- The paper presents a novel MPPI control framework that integrates Sobol sequences to generate diverse trajectory options for accurate collision avoidance.
- The method employs a non-linear single-track vehicle model with Fiala tyre dynamics to closely predict vehicle behavior under varying friction conditions.
- Simulations demonstrate that the approach adapts dynamically in complex maneuvers like double lane changes and occlusions, outperforming traditional MPPI strategies.
Multi-Modal Model Predictive Path Integral Control for Collision Avoidance
Introduction
The paper "Multi-Modal Model Predictive Path Integral Control for Collision Avoidance" introduces a innovative approach in the domain of automated vehicle motion planning, focusing on collision avoidance utilizing a multi-modal Model Predictive Path Integral (MPPI) control algorithm. The method leverages Sobol sequences for sampling, combined with analytical collision avoidance solutions, to generate diverse trajectory options. This approach aims to overcome the limitations of traditional trajectory planning methods which often fall short when addressing complex, high-dimensional, and dynamically changing environments, especially under varying road surface conditions.
Methodology
Model Predictive Path Integral Control
The proposed method builds upon the MPPI control framework, a stochastic optimal control algorithm designed to handle non-linear optimization problems subject to non-linear dynamics and non-convex constraints. MPPI utilizes Monte Carlo sampling to simulate numerous control sequences over a finite time horizon and evaluates these sequences using a cost function to determine the optimal trajectory. The use of Sobol sequences, known for their uniform space coverage and scalability in high-dimensional settings, is a standout feature of this approach, enhancing the effectiveness of MPPI in exploring feasible trajectory solutions (Figure 1).

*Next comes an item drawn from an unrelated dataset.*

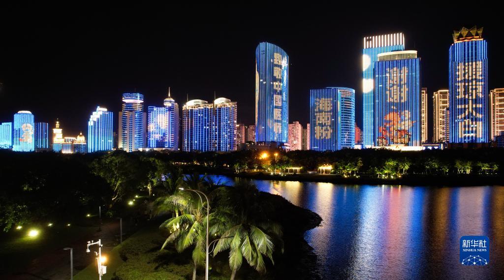 8月19日在海口市濱海大道拍攝的中國醫師節主題燈光秀(無人機照片)。

Figure 1: Visualization of trajectory exploration using Sobol sequences within the MPPI framework.
Vehicle Prediction Model
A non-linear single-track vehicle model forms the core of the prediction model, incorporating key vehicle dynamics such as lateral and longitudinal forces, yaw rate, and tyre constraints enforced via the friction circle model. The integration of a Fiala tyre model and optimal parameterization through simulations align the model's predictive capabilities with high-fidelity dynamics, essential for real-world applications where precise trajectory predictions under varying friction conditions are critical.
Results and Discussion
Double Lane Change Scenarios
High-fidelity simulations demonstrate the efficacy of the proposed multi-modal MPPI in executing complex manoeuvres such as a double lane change under both high- and low-friction conditions. The approach outperforms traditional MPPI methods by dynamically adjusting strategies, including options for evasive swerves and controlled stops, based on real-time trajectory evaluations and cost assessment.


Figure 2: Decision-making in a double lane change scenario with varying time-to-collision metrics.
In scenarios with reduced time-to-collision (TTC), the proposed method effectively switches from acceleration to braking, demonstrating robustness in maintaining stability and avoiding obstacles compared to the standard MPPI, which often fails in dynamic adaptation (Figure 2).
Occlusion and Low Friction Challenges
The flexibility of the proposed system is further highlighted in scenarios where obstacles are occluded, or road friction is significantly reduced. The multi-modal capability enables the prediction model to evaluate and choose acceleration over deceleration, showcasing its ability to adapt unlike traditional methods which often result in suboptimal maneuvers that can lead to collisions or loss of vehicle control.


Figure 3: Adaptive multi-modal control in occlusion conditions ensures obstacle avoidance and trajectory optimization.
Conclusion
The multi-modal MPPI algorithm proposed in this research provides a comprehensive framework for collision avoidance in automated vehicles. By intelligently sampling trajectory options around various modes and incorporating prior knowledge with analytical solutions, it addresses the shortcomings of single-strategy approaches. The paper validates the approach through extensive simulations, revealing its superiority in handling diverse, complex driving scenarios, including rapid adaptations to unforeseen situations like occlusion and low friction. Future work should focus on real-world implementation and testing to further refine this promising control strategy.


Figure 4: Summary of performance improvements and strategic advantages of the multi-modal MPPI approach in collision avoidance scenarios.